Sun, Jul 31, 2005 - Page 19 News List

Humpty Dumpty gets whacked

Jasper Fforde returns with `The Big Over Easy,' an eccentric detective story involving nursery rhyme favorites

By Joe Gross  /  NY TIMES NEWS SERVICE

The Big Over Easy
By Jasper Fforde
400 pages
Hodder & Stoughton Ltd

Like his countryman and comic antecedent Douglas Adams, Jasper Fforde writes the kind of novels that inspire hardcore, slavish devotion.

How slavish? How hardcore? Well, the 44-year-old writer's debut novel, The Eyre Affair, sports more than 200 reader reviews at Amazon.com -- a hefty number for an absurdist fantasy starring a time-and-book-hopping "literary detective" named Thursday Next. Then there's the "Fforde Ffestival" on Sept 16 and Sept 17 in Swindon, England, a celebration and exploration of Fforde's work organized by "Fforde ffans."

Fforde, who left a 20-year career as a film and television camera technician to write what have become wildly successful novels, including the Thursday Next series, seems nevertheless genuinely flattered by the attention.

"This is the first (festival), and much to my surprise, it sold enough tickets to go past the break-even point," Fforde says. "I think it's less of an homage to me than lots of similar people getting together to talk about something they like." And, yes, he'll be there.

After all, Fforde ffans have a new world to explore with the release of The Big Over Easy, the first book of a brand-new "nursery crime" mystery series.

The main character, Jack Spratt (whose first wife died from eating no lean), is a detective in the Nursery Crimes Division of the Reading Police Department. His ever-contrary partner is Mary Mary, and they are investigating the mysterious passing of a one H Dumpty.

The Big Over Easy is actually Fforde's first book.

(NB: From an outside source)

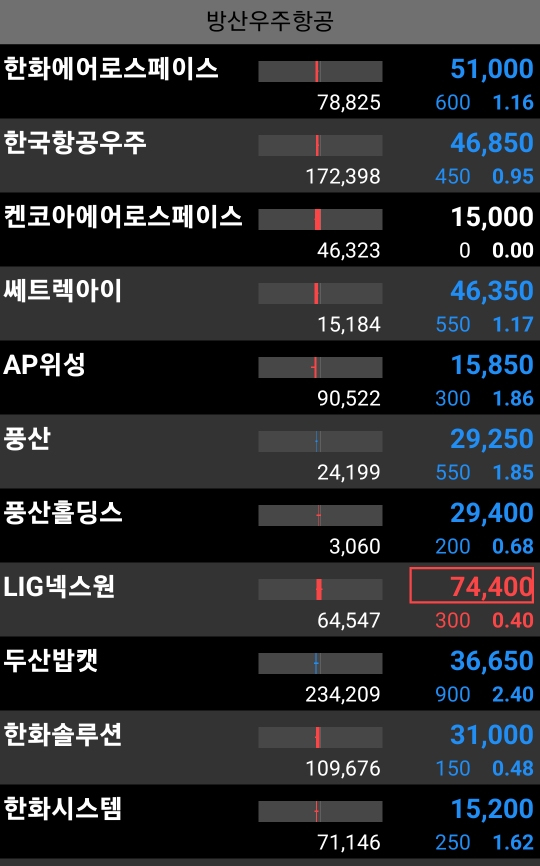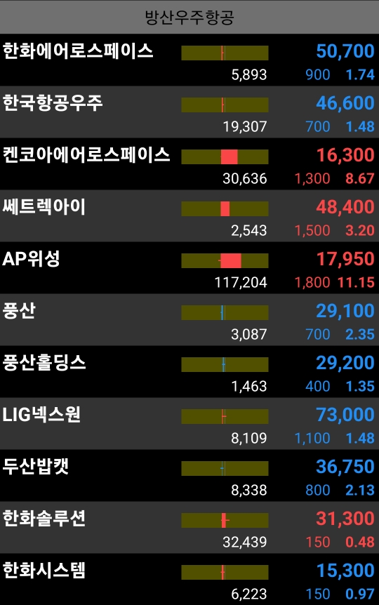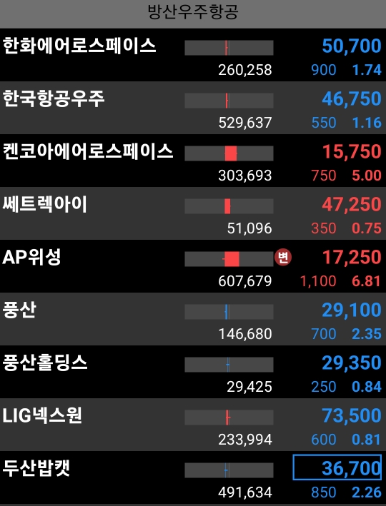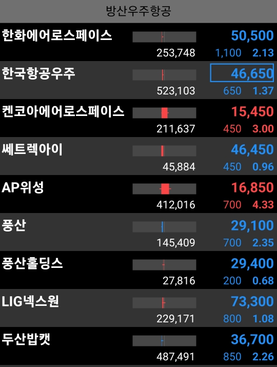 - 방산우주는 선방 중

Back in 1994, it was called Who Killed Humpty Dumpty?

"It was roundly rejected by everybody," he says. When it was time for a new book last year, Fforde offered to dust off Humpty and revise it.

This proved more difficult than it first seemed. "There are almost no rules and few logical constraints within the four Thursday novels -- almost anything can happen -- but Over Easy is a traditionally plotted crime thriller," one that futzes around with the conventions invented by classic sleuths such as Sherlock Holmes and Agatha Christie.

"This book comes out of the time when detective stories were more like crossword puzzles," Fforde says. "It plays with those cliches: Every library had a body in it; people are only murdered in exceptionally complicated ways; all murderers are brilliant except for leaving one tiny little clue for the detective to pick up on."

Given the generic traditions of these sorts of mysteries, a certain tone needed to be struck. "What I wanted was, nursery rhyme characters live in Reading, but it's just totally normal, terribly ordinary and domestic." Fforde says. "When the characters treat the world as ordinary, it makes the bizarre seem ordinary. All good stories are about people; that's where the drama is."

But his books are so dense with references, jokes and subversions of literary tropes that it seems obvious Fforde studied literature in college. Fforde laughs out loud at the suggestion.

"Oh, heavens no, I didn't go to university," he says, "I failed my A-levels (the exams that allow British high school students to move on to the next level). I read a great deal, listened to radio plays, watched lots of TV. I learned storytelling by osmosis, I think. See, I had wanted to join the film industry in some capacity since I was 10, so that's all I cared about."